▶ [EXERCISE INSTRUCTIONS]: Everything from the line with "服务业投入从2007年的6." down to the line with "Entretanto, como a" below must be printed exactly, those two lines included. Exclude pictures.

▶ [EXERCISE INPUT]:
────────────────
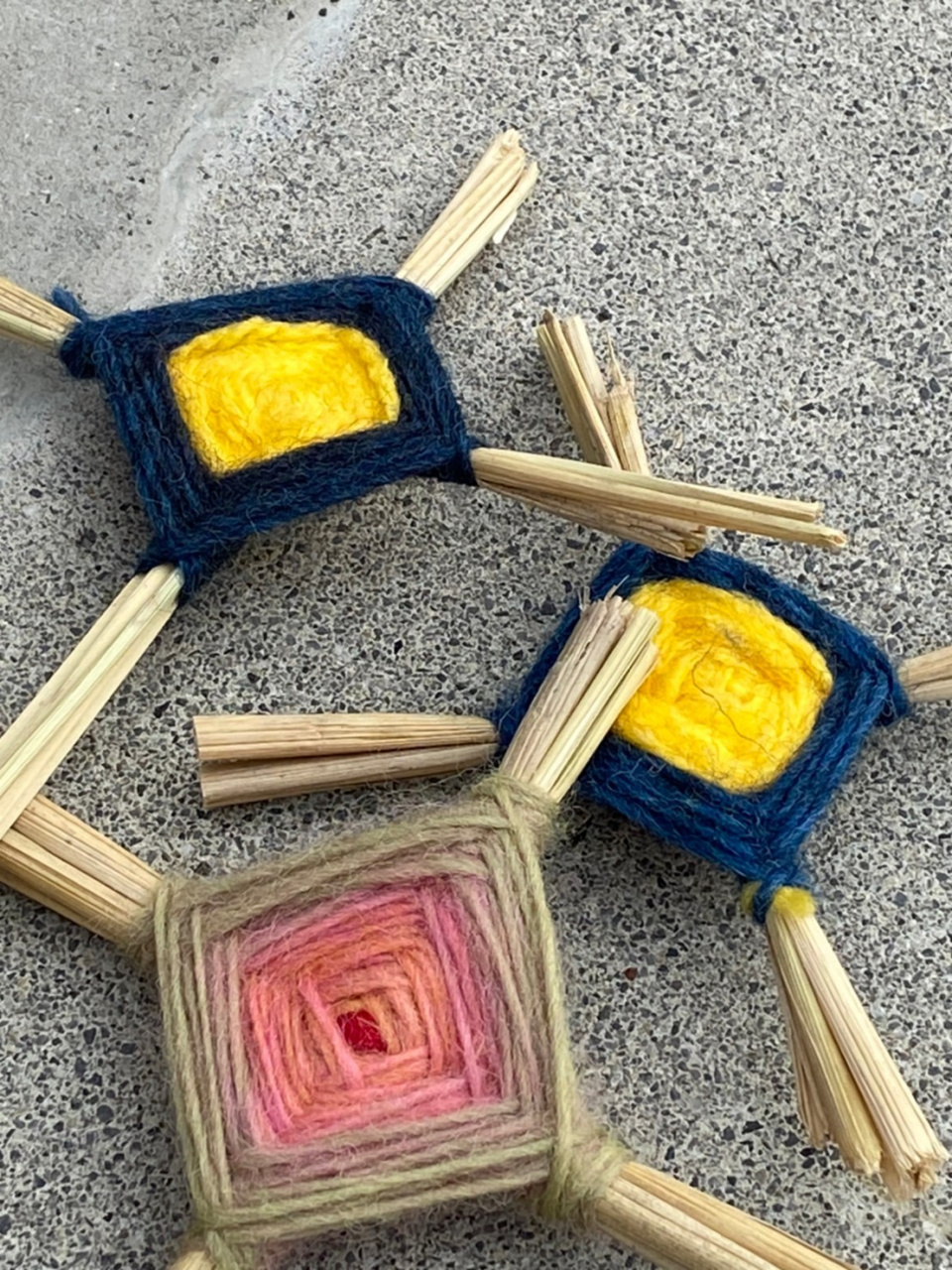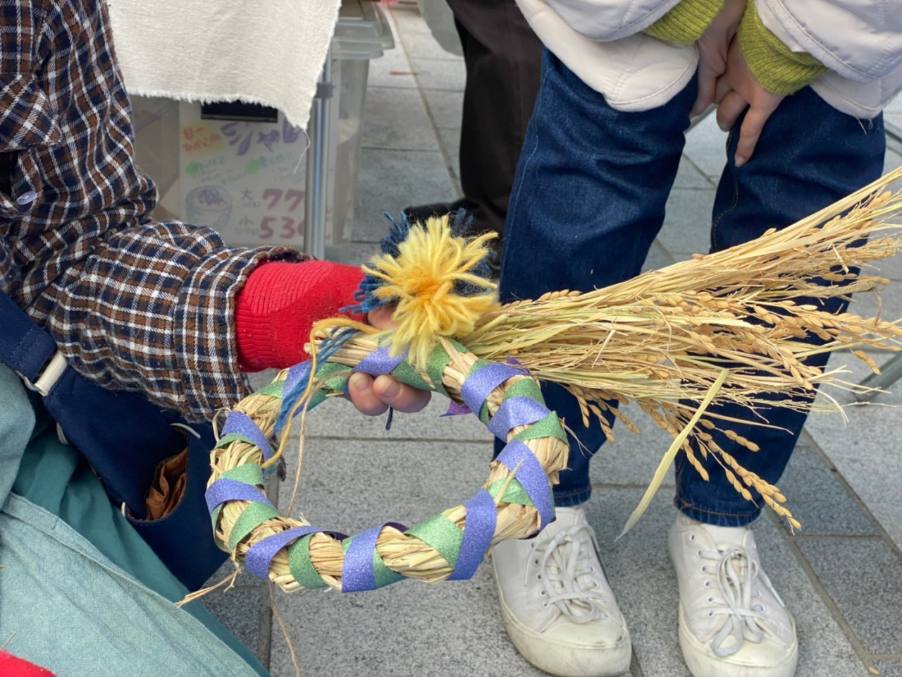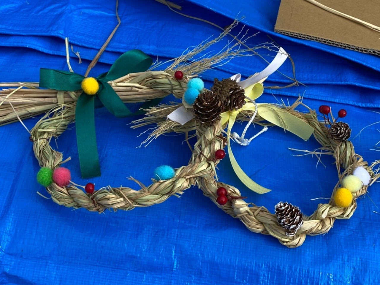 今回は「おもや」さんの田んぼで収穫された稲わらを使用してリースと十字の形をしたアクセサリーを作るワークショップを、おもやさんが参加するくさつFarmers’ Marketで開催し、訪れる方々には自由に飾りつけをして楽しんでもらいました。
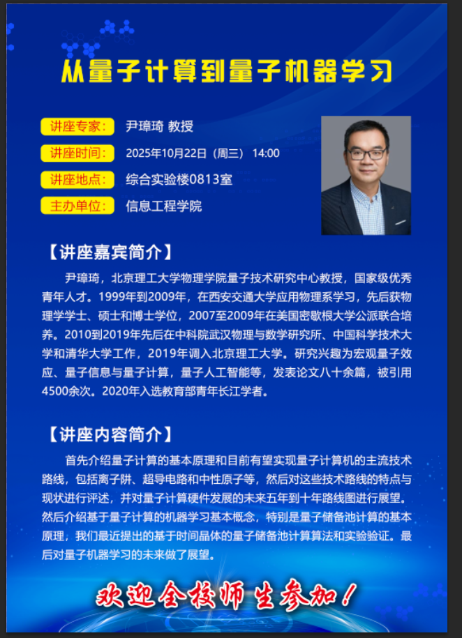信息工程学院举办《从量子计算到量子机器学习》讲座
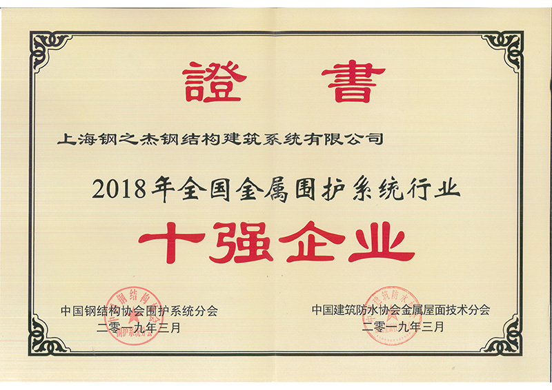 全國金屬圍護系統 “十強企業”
────────────────
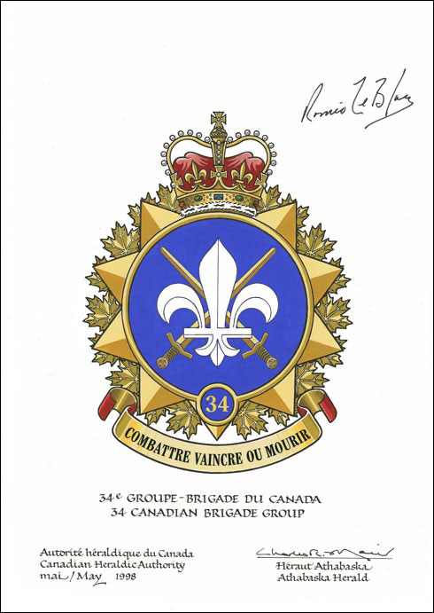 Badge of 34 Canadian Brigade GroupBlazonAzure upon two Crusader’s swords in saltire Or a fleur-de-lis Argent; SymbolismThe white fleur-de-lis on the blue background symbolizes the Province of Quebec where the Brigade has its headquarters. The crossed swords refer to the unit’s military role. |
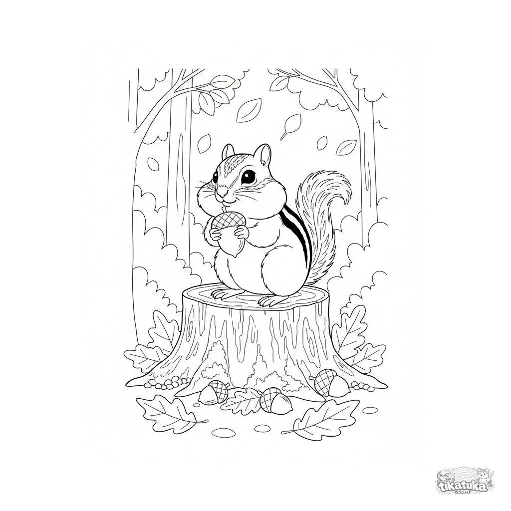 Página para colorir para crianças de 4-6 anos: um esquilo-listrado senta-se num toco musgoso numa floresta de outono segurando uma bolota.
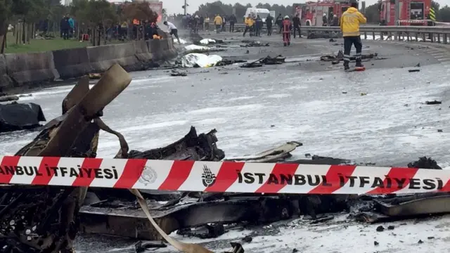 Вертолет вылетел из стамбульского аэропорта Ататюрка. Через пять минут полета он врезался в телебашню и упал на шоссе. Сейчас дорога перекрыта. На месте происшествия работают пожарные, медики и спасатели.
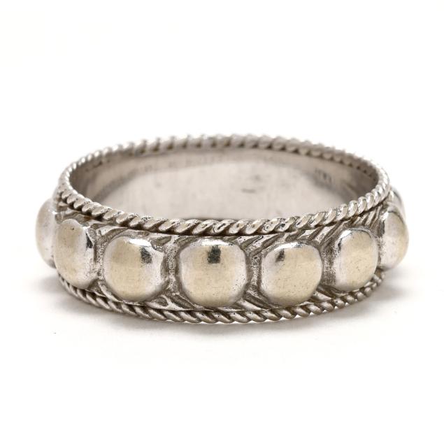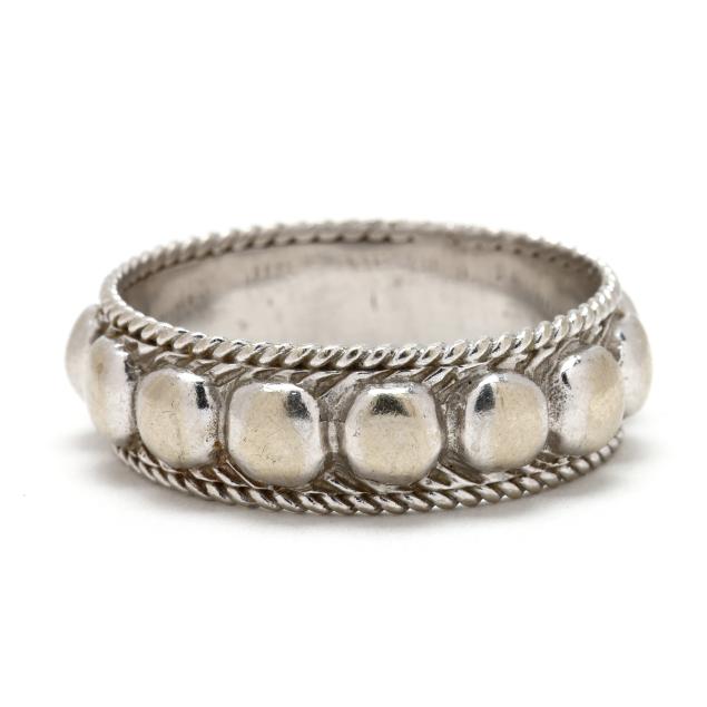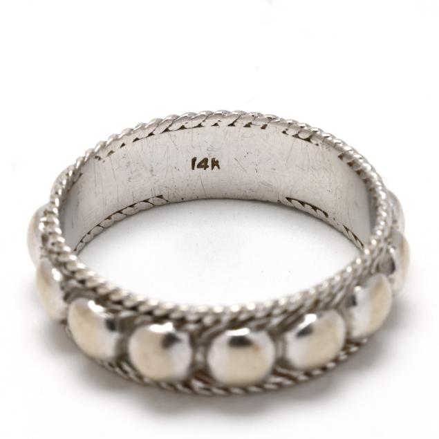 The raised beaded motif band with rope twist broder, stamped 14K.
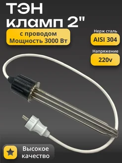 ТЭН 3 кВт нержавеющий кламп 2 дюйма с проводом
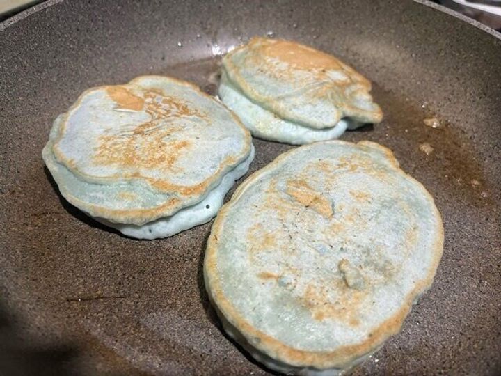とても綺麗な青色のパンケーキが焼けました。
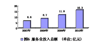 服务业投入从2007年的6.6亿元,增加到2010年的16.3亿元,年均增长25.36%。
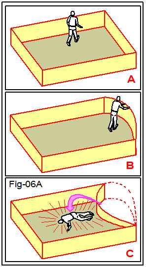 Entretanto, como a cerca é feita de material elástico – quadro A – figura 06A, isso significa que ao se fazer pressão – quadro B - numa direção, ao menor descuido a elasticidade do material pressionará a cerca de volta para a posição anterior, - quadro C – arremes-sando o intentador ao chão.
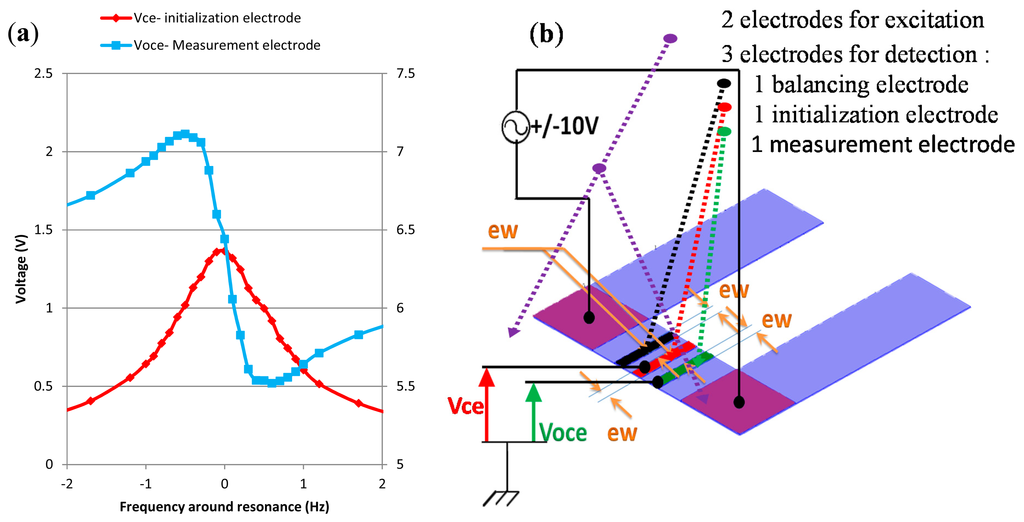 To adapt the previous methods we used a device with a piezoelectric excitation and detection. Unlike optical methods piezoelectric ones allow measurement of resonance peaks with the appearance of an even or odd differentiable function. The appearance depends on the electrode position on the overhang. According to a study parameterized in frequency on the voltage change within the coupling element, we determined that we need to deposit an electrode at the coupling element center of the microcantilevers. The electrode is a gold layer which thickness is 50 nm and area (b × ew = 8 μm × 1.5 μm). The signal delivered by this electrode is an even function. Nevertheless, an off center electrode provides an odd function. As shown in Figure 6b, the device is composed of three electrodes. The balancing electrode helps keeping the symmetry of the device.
────────────────
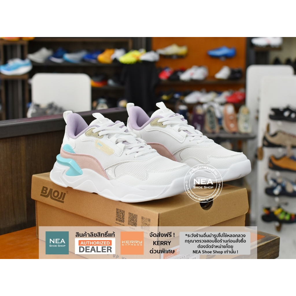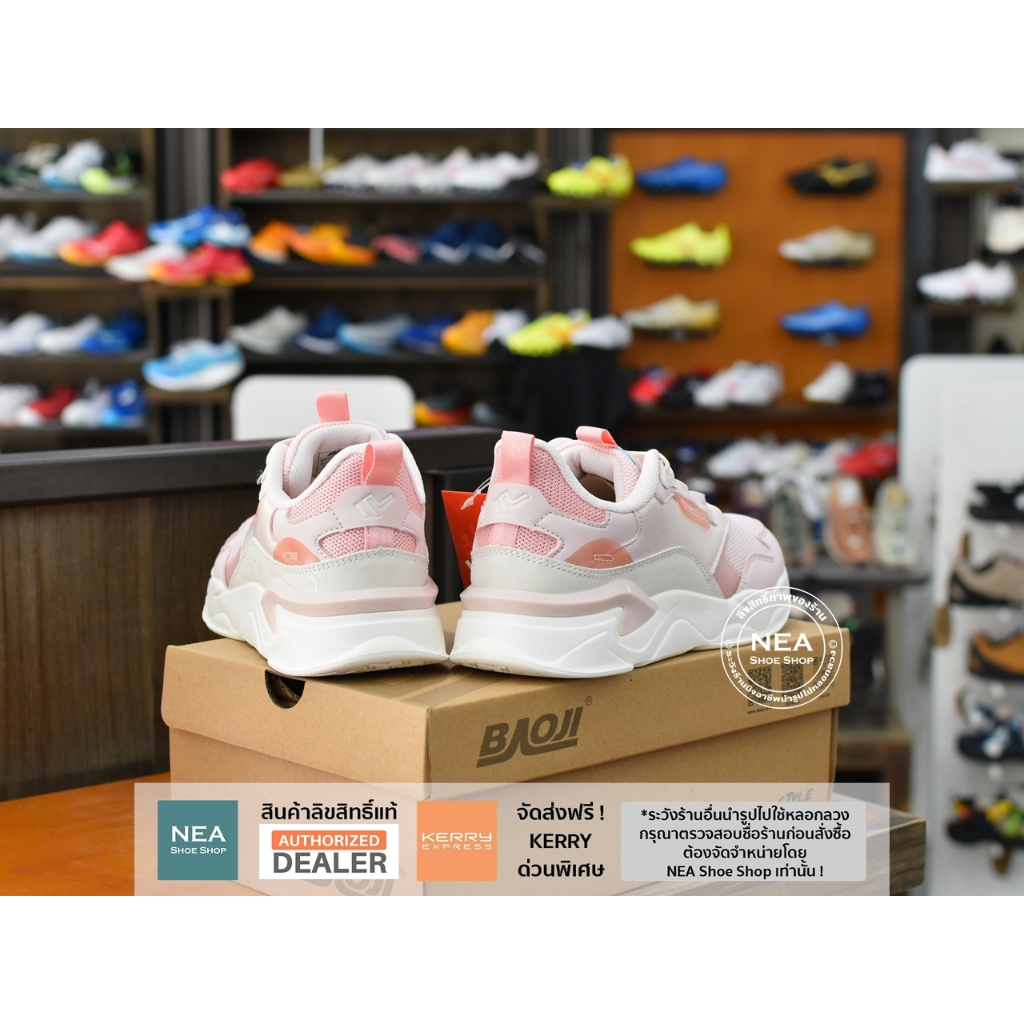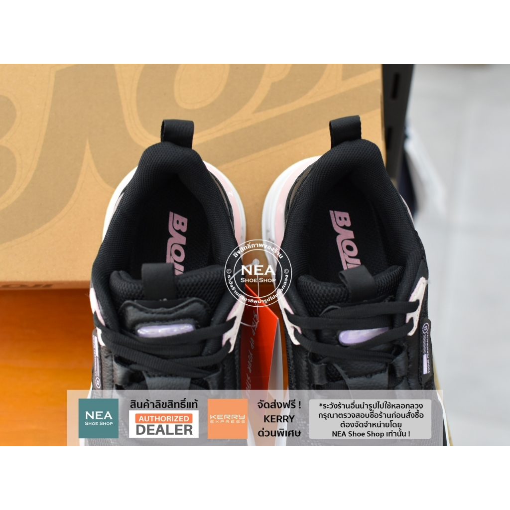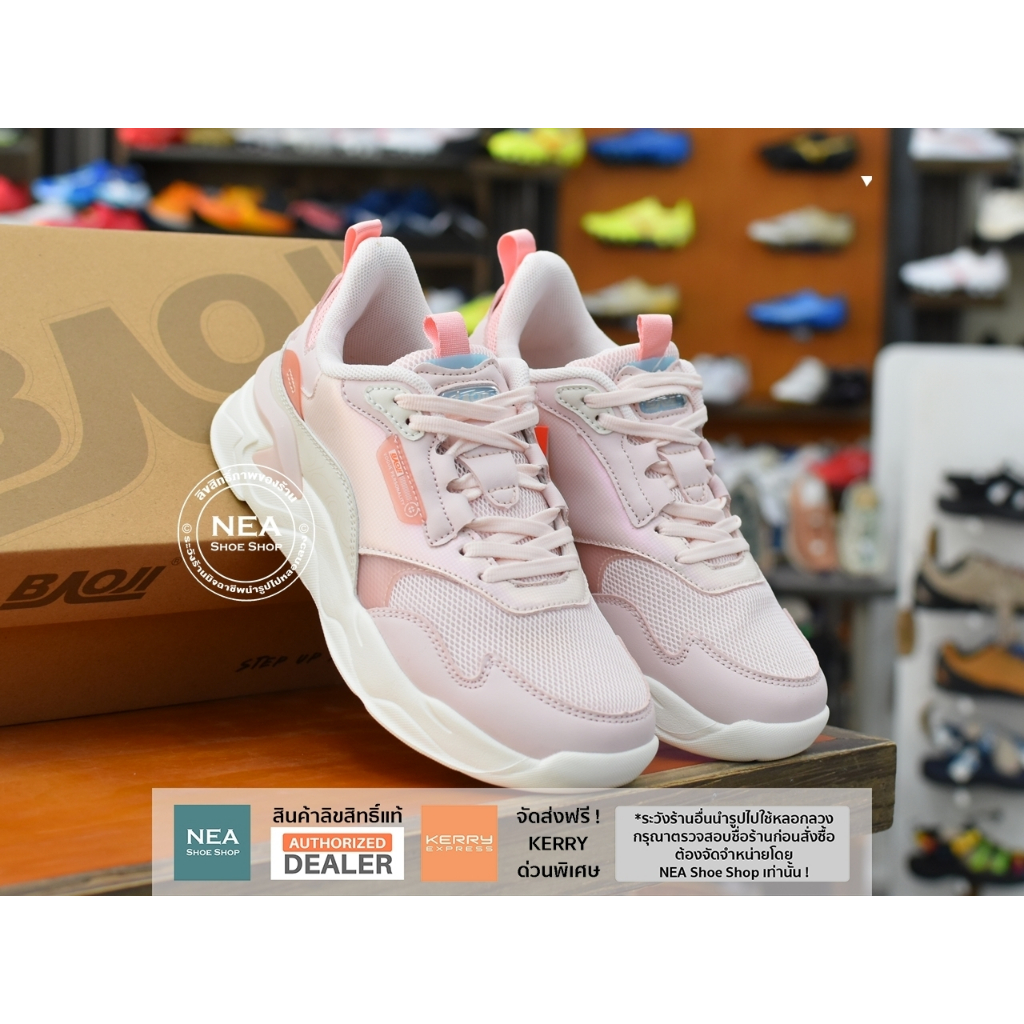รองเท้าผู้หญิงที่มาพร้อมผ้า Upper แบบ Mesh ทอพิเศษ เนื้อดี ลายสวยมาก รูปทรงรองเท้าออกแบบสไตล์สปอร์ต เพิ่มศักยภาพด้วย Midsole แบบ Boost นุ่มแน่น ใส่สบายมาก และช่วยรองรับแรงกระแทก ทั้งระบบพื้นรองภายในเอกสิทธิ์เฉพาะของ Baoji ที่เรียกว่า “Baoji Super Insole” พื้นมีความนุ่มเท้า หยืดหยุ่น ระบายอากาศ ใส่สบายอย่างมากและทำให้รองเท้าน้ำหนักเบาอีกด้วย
────────────────
▶ [ANSWER SPACE]:
 服务业投入从2007年的6.6亿元,增加到2010年的16.3亿元,年均增长25.36%。
 Entretanto, como a cerca é feita de material elástico – quadro A – figura 06A, isso significa que ao se fazer pressão – quadro B - numa direção, ao menor descuido a elasticidade do material pressionará a cerca de volta para a posição anterior, - quadro C – arremes-sando o intentador ao chão.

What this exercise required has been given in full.